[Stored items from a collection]
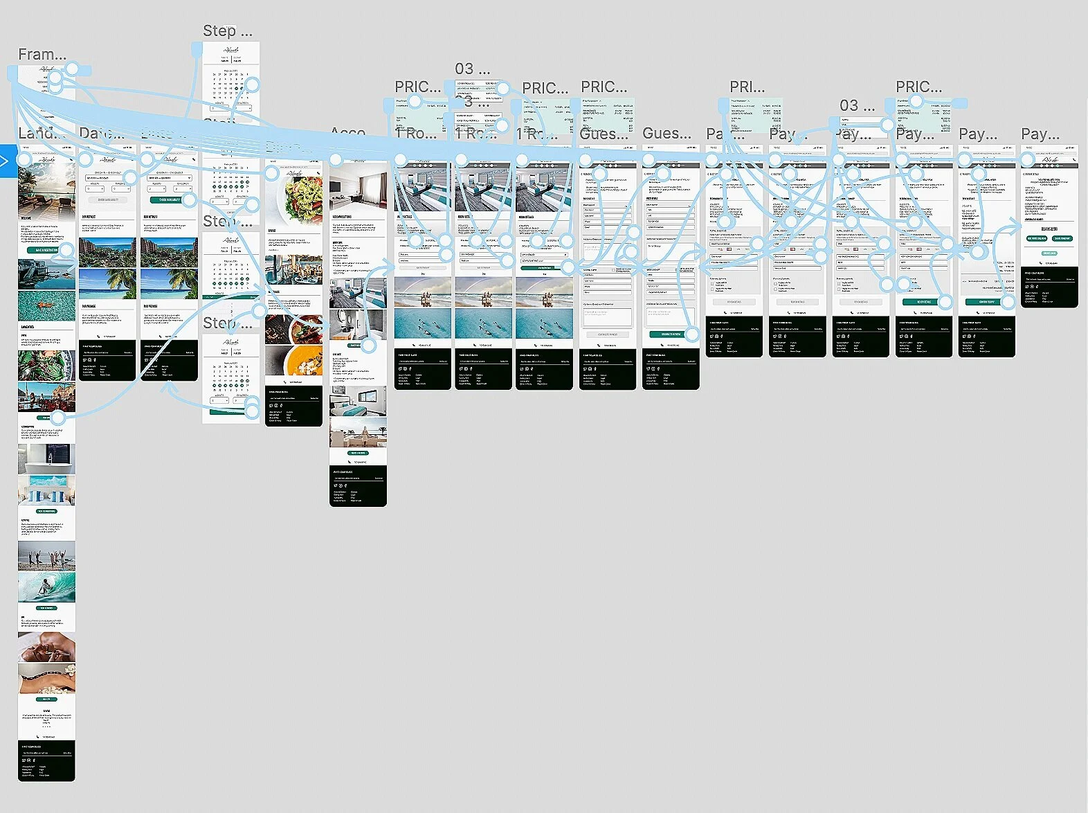 Creating the high-fidelity prototype and programming the interactions brought the whole project to life. We could see the color and font combinations with the resort photos to visualize what users would see when going through the process.
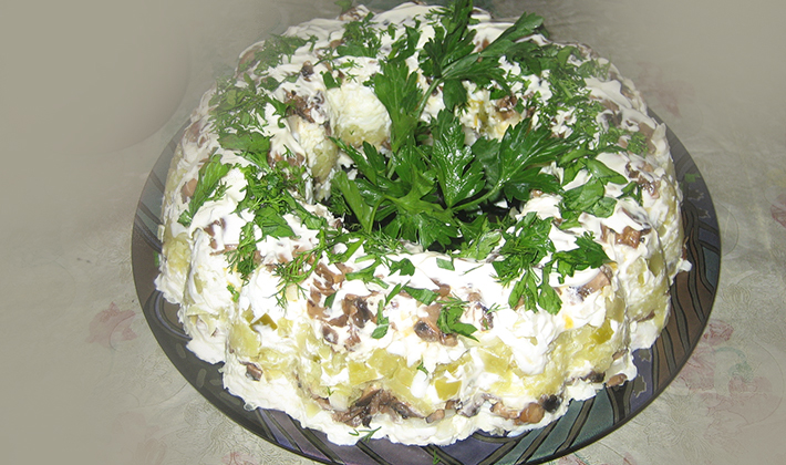 Les champignons sont lavés. Les pommes de terre en chemise sont pelées et hachées. Les oignons sont pelés, lavés et finement hachés. La choucroute est coupée en pressant la saumure. Tous arrosés avec de l'huile et du vinaigre, saler, poivrer et mélanger. Ils la mettent dans une glissière sur un plat, décorer avec des tranches de cornichons, des chapeaux de champignons et de l'aneth et du persil finement hachés.
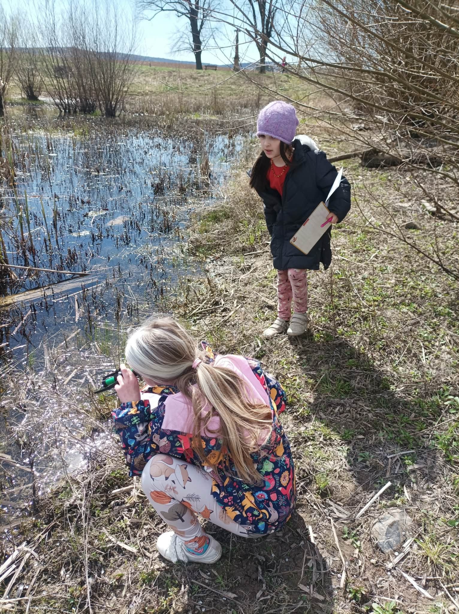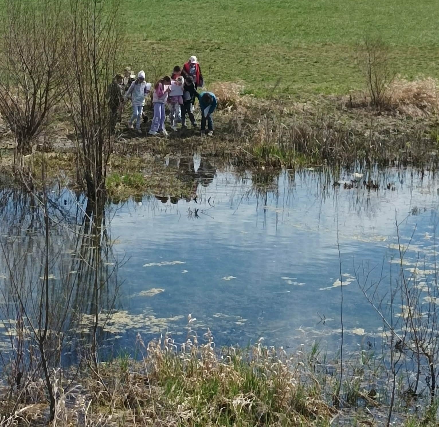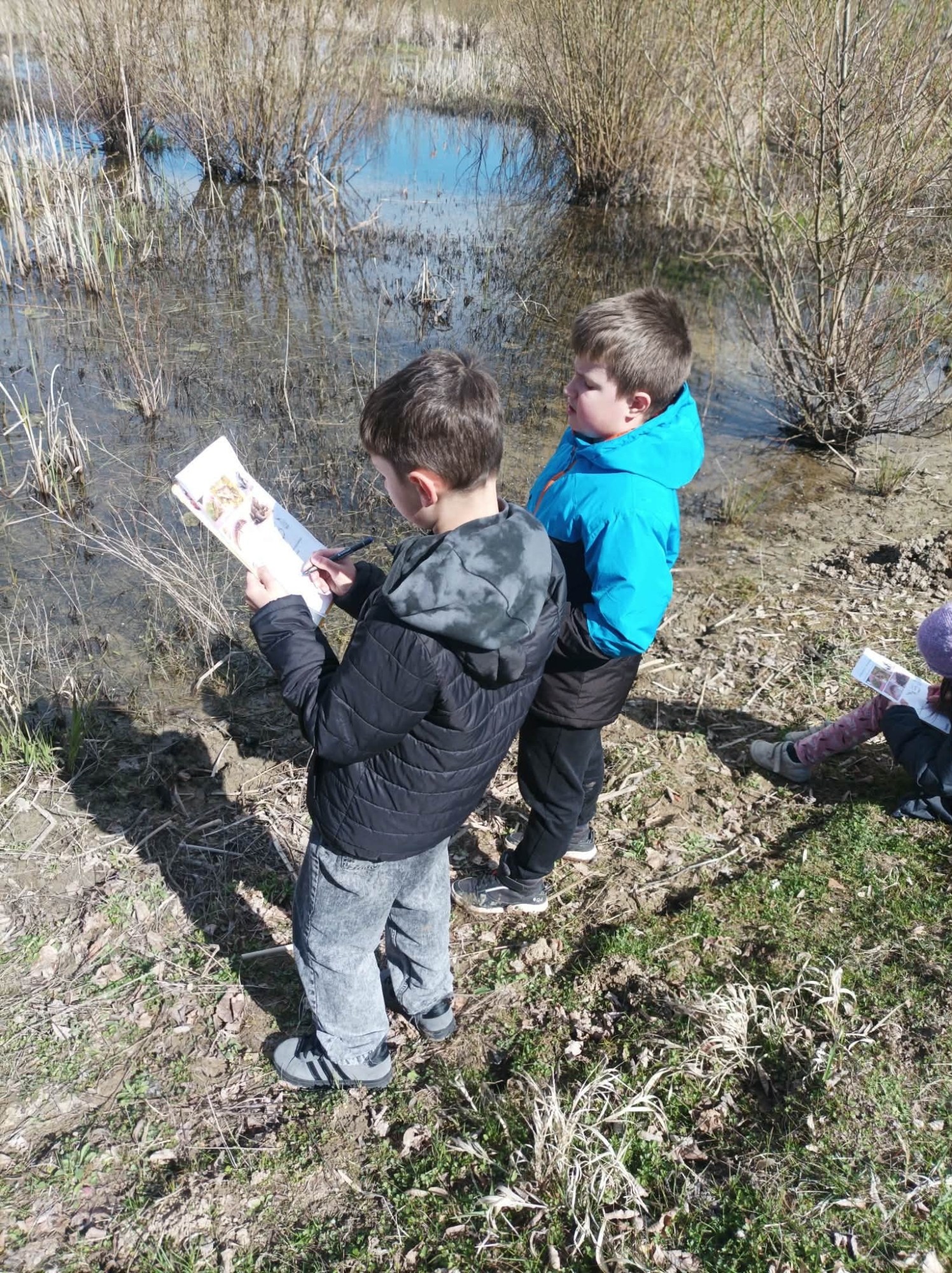 Dopoledne venku bylo plné objevování, pozorování, sdílení nápadů a naslouchání typickému žabímu kvákání. Třeťáci pracovali jako skuteční badatelé, kladli otázky, hledali odpovědi a učili se přímo v terénu. Měli velké štěstí. Objevili i snůšky vajíček, což byl pro všechny velký zážitek.
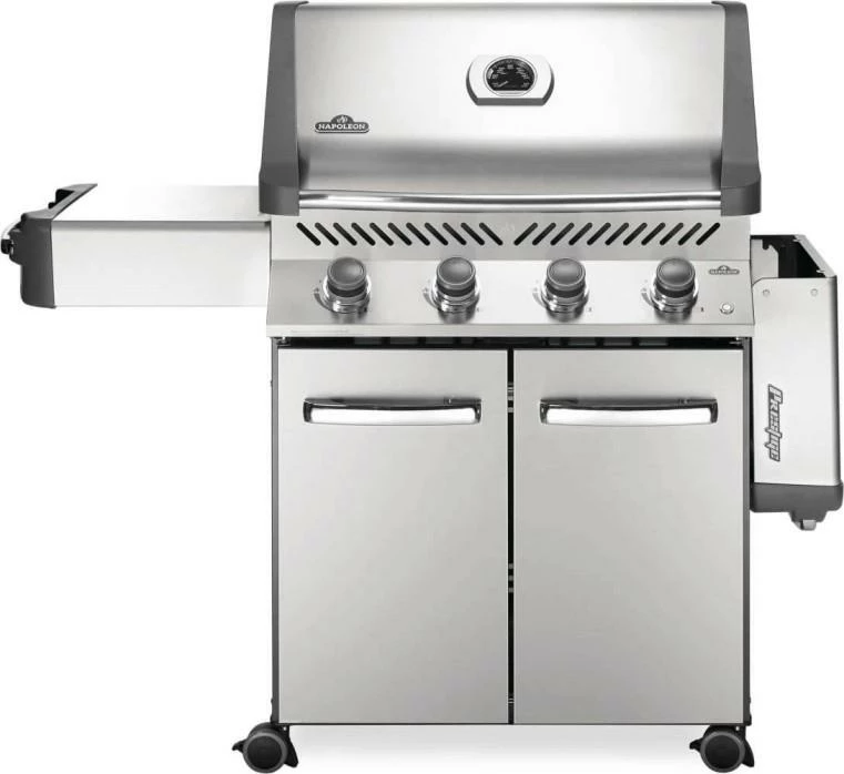 Grilling up a delicious dinner for a crowd is easy with the Napoleon Prestige Series 500 Natural Gas Grill, all in glorious stainless steel. Grill up to thirty burgers at once on the large grilling area and generous warming rack. You’ll know it’s a Napoleon with the iconic WAVE cooking grids for those distinctive sear marks. Not just durable on the outside; under the lid, quality stainless steel is used for the cooking grids, tube burners and sear plates. The LIFT EASE roll top lid provides superior heat retention, allowing you to sear, bake, roast, smoke, and even turn your grill into a charcoal BBQ with the optional Charcoal Tray. Never leave your barbecue on again with the SafetyGlow feature where the control knobs glow red when the burner is on. This compact grill features folding side shelves and interior cabinet storage inside the minimalist pedestal base. Complete your outdoor living space with the gas grill that can do it all.
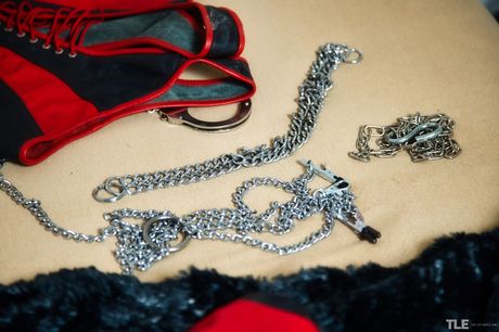 Sexy blonde Dido in black stockings & chains masturbates with a dildo

**EXERCISE INSTRUCTIONS**
Exclude the pictures and repeat the entries word for word.

**WRITTEN SOLUTION**
 Creating the high-fidelity prototype and programming the interactions brought the whole project to life. We could see the color and font combinations with the resort photos to visualize what users would see when going through the process.
 Les champignons sont lavés. Les pommes de terre en chemise sont pelées et hachées. Les oignons sont pelés, lavés et finement hachés. La choucroute est coupée en pressant la saumure. Tous arrosés avec de l'huile et du vinaigre, saler, poivrer et mélanger. Ils la mettent dans une glissière sur un plat, décorer avec des tranches de cornichons, des chapeaux de champignons et de l'aneth et du persil finement hachés.
 Dopoledne venku bylo plné objevování, pozorování, sdílení nápadů a naslouchání typickému žabímu kvákání. Třeťáci pracovali jako skuteční badatelé, kladli otázky, hledali odpovědi a učili se přímo v terénu. Měli velké štěstí. Objevili i snůšky vajíček, což byl pro všechny velký zážitek.
 Grilling up a delicious dinner for a crowd is easy with the Napoleon Prestige Series 500 Natural Gas Grill, all in glorious stainless steel. Grill up to thirty burgers at once on the large grilling area and generous warming rack. You’ll know it’s a Napoleon with the iconic WAVE cooking grids for those distinctive sear marks. Not just durable on the outside; under the lid, quality stainless steel is used for the cooking grids, tube burners and sear plates. The LIFT EASE roll top lid provides superior heat retention, allowing you to sear, bake, roast, smoke, and even turn your grill into a charcoal BBQ with the optional Charcoal Tray. Never leave your barbecue on again with the SafetyGlow feature where the control knobs glow red when the burner is on. This compact grill features folding side shelves and interior cabinet storage inside the minimalist pedestal base. Complete your outdoor living space with the gas grill that can do it all.
 Sexy blonde Dido in black stockings & chains masturbates with a dildo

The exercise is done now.